Records drawn from a dataset:
#####

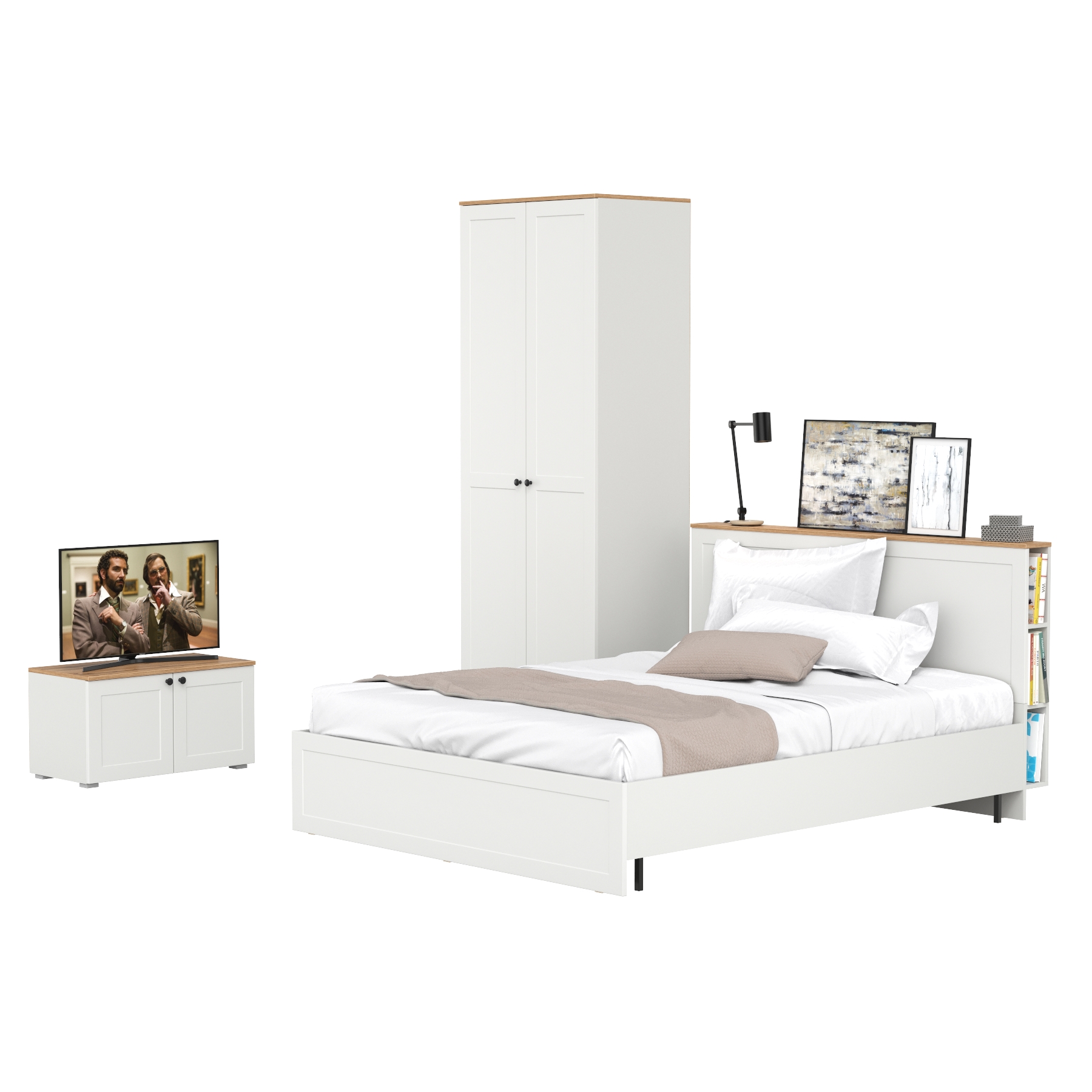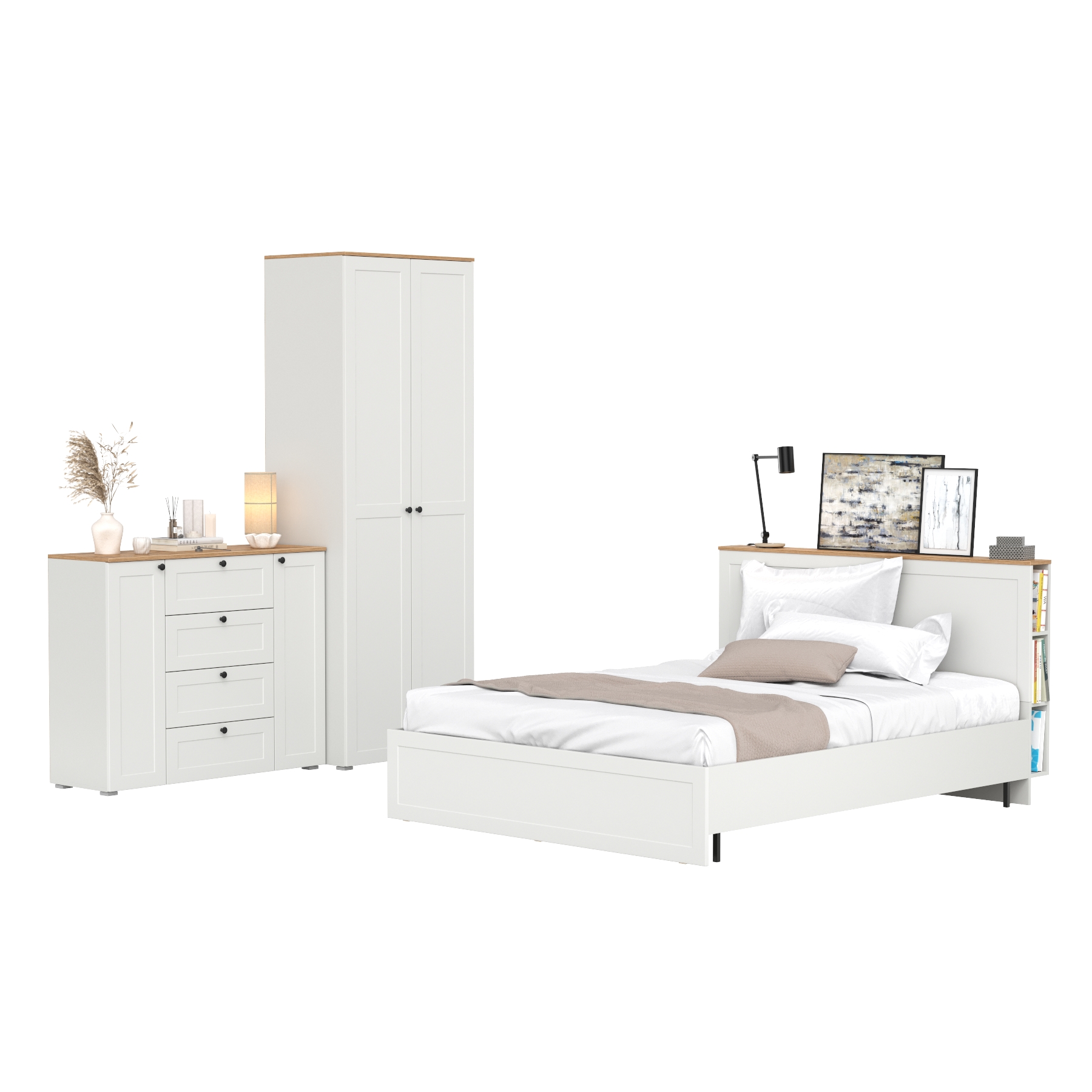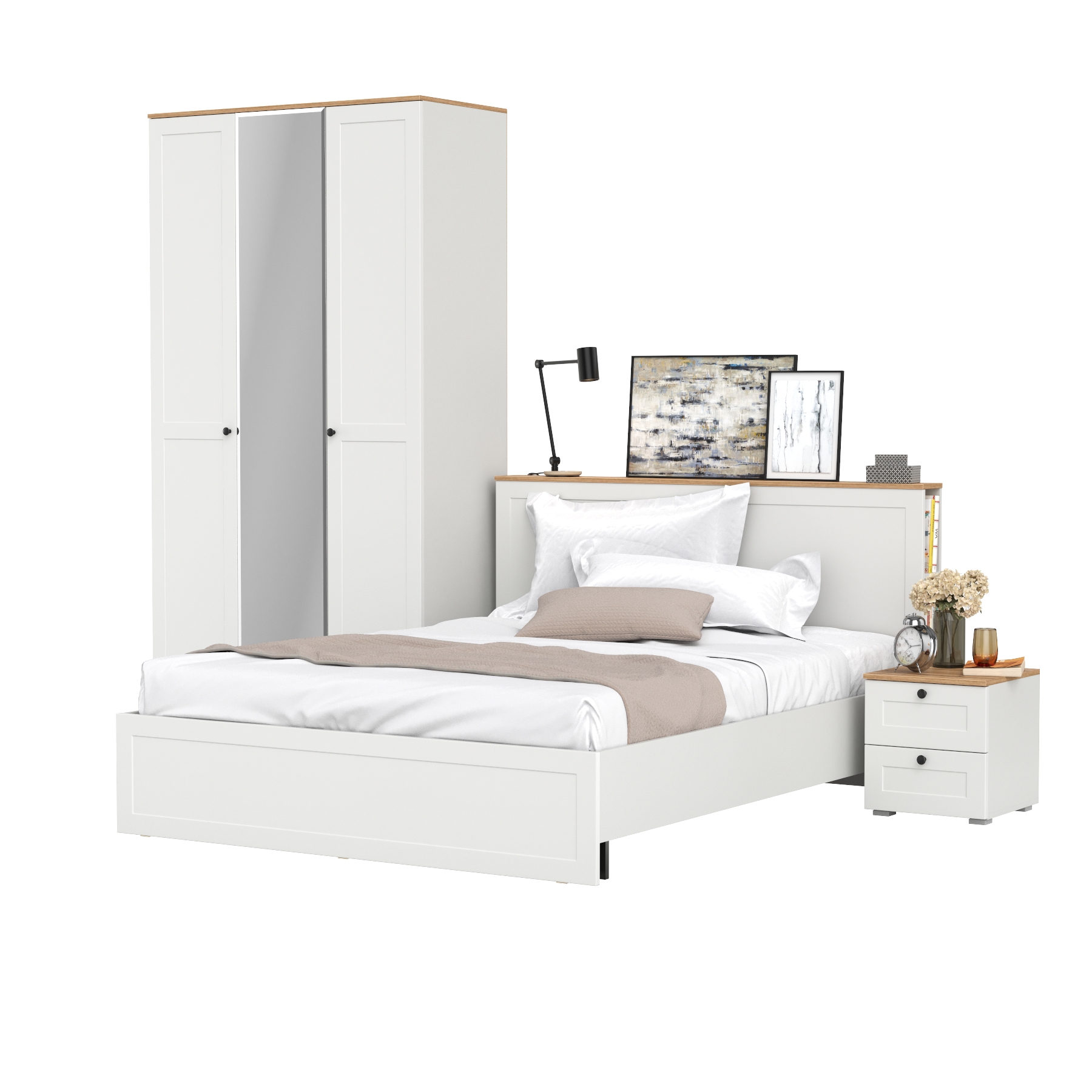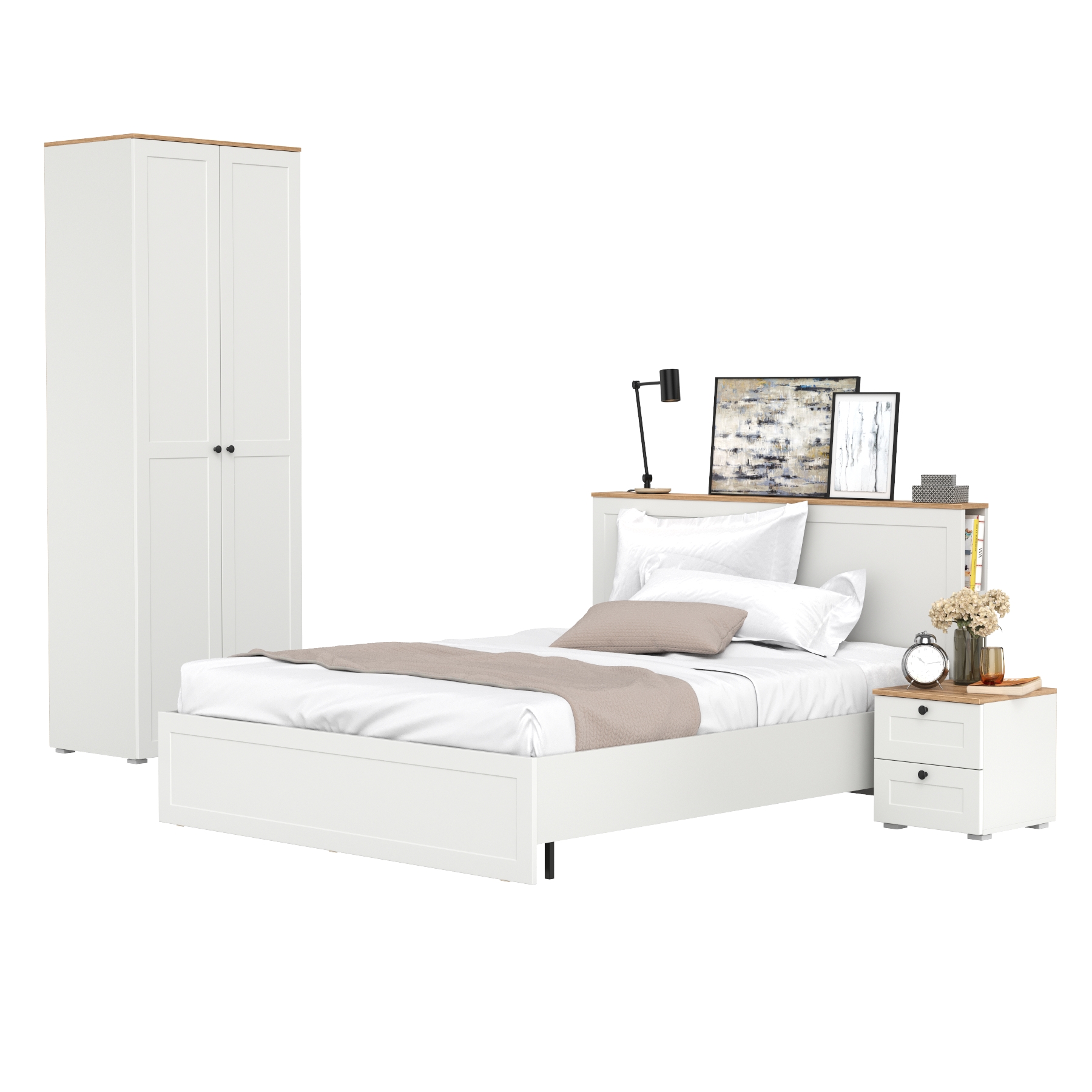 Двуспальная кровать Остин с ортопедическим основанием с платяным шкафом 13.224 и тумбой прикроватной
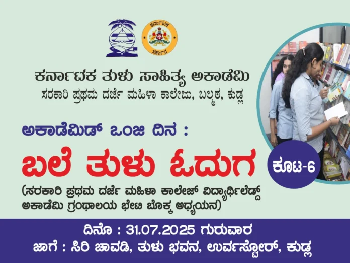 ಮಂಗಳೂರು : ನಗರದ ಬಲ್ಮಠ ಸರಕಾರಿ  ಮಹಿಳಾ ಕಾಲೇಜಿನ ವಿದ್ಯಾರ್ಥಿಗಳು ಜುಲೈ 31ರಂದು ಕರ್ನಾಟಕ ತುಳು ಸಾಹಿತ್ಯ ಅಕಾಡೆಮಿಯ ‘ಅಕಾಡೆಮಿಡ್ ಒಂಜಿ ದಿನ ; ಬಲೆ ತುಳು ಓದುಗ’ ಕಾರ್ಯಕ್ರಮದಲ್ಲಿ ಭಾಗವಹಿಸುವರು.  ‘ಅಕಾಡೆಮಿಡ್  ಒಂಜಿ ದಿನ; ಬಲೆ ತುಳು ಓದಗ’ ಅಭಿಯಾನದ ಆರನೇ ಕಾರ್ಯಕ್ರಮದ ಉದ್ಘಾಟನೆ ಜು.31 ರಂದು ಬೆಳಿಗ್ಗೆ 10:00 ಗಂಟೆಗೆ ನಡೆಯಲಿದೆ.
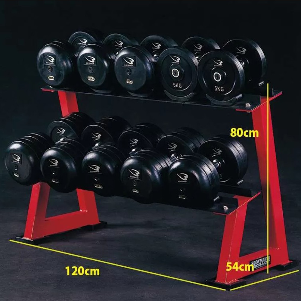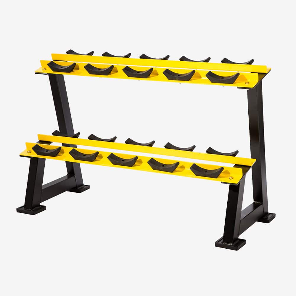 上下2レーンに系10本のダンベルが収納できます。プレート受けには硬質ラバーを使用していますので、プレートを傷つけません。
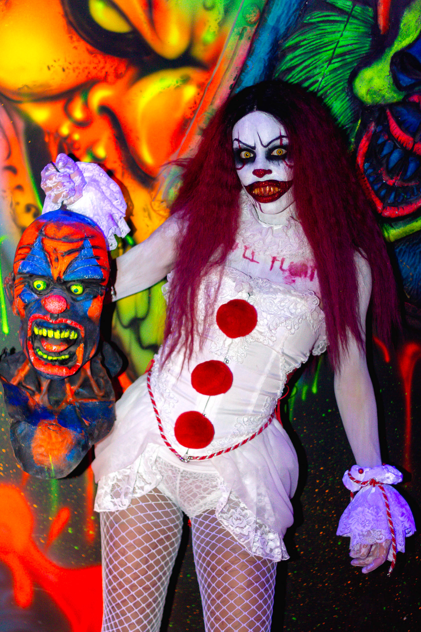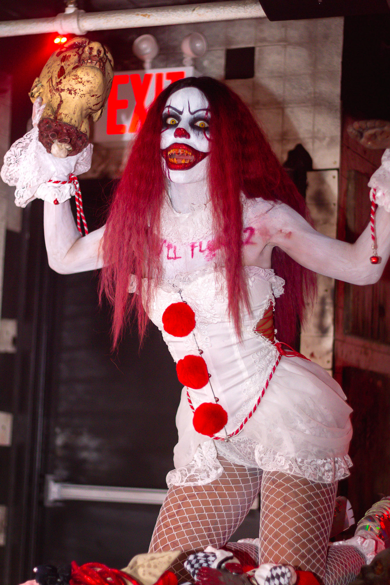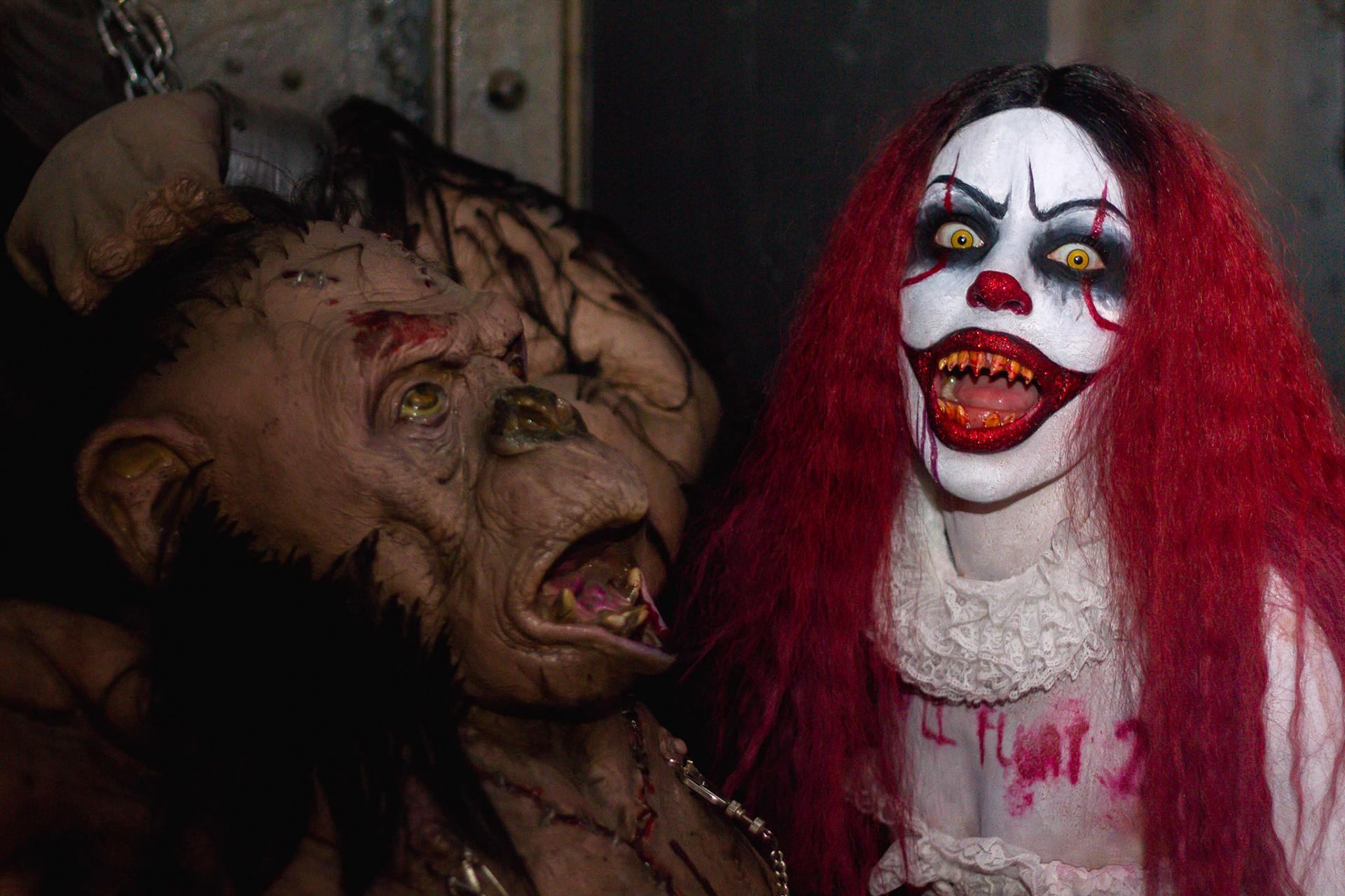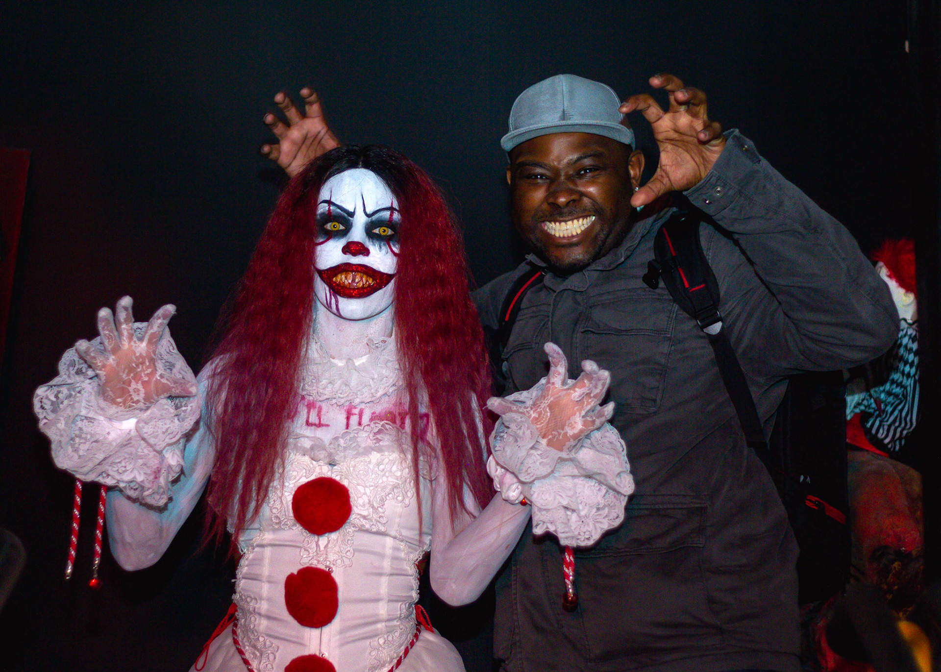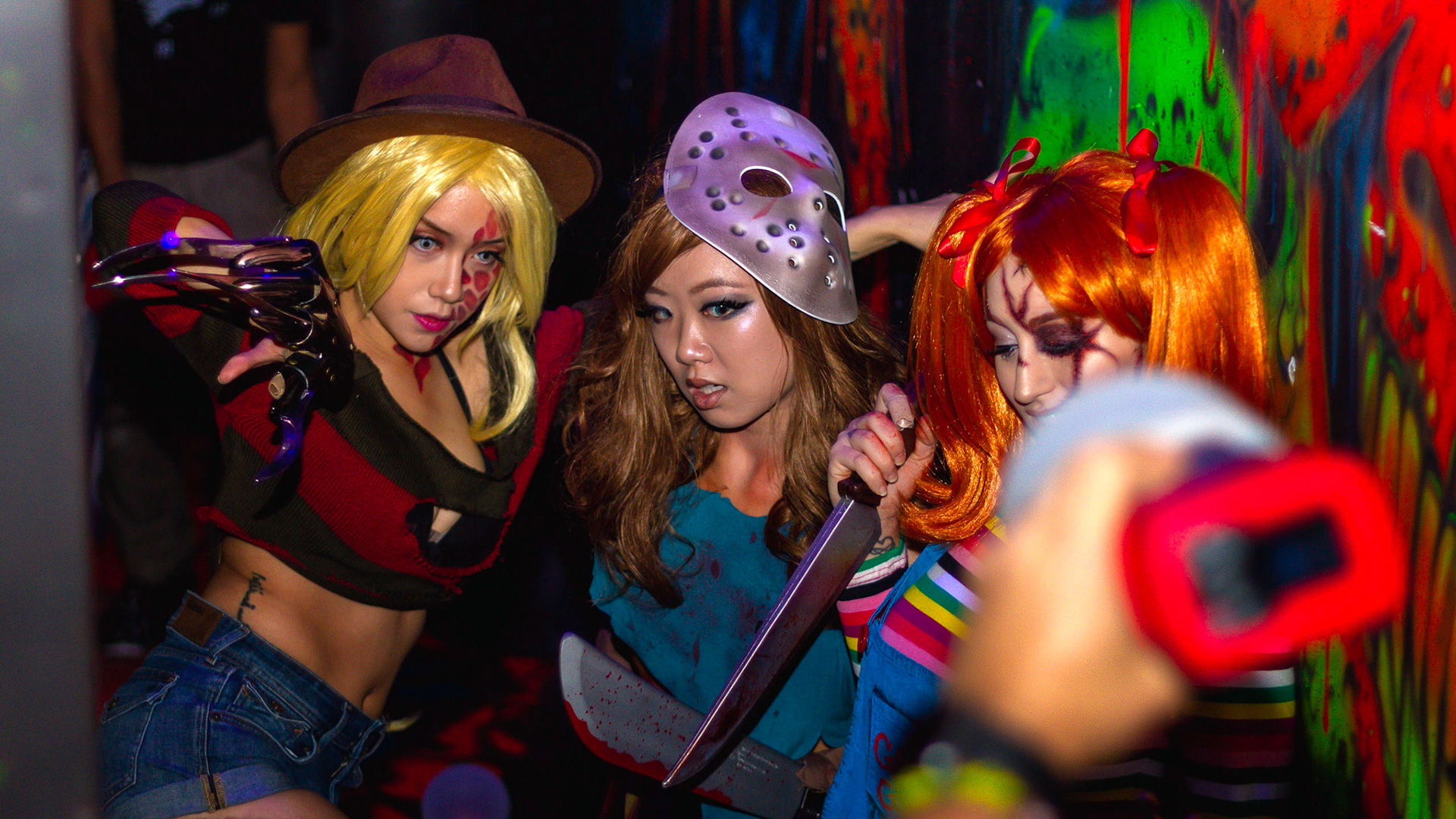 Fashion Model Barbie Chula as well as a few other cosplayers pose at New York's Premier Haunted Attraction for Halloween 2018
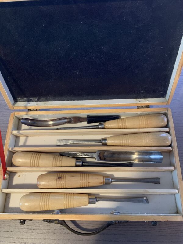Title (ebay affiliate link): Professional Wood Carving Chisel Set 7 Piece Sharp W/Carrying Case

#####

__Problem details__
Once you find the line that contains "上下2レーンに系10本のダン", reproduce it and every line after it through the end of the entries above, exactly as written, with no pictures.

__Exercise response__
 上下2レーンに系10本のダンベルが収納できます。プレート受けには硬質ラバーを使用していますので、プレートを傷つけません。
 Fashion Model Barbie Chula as well as a few other cosplayers pose at New York's Premier Haunted Attraction for Halloween 2018
Title (ebay affiliate link): Professional Wood Carving Chisel Set 7 Piece Sharp W/Carrying Case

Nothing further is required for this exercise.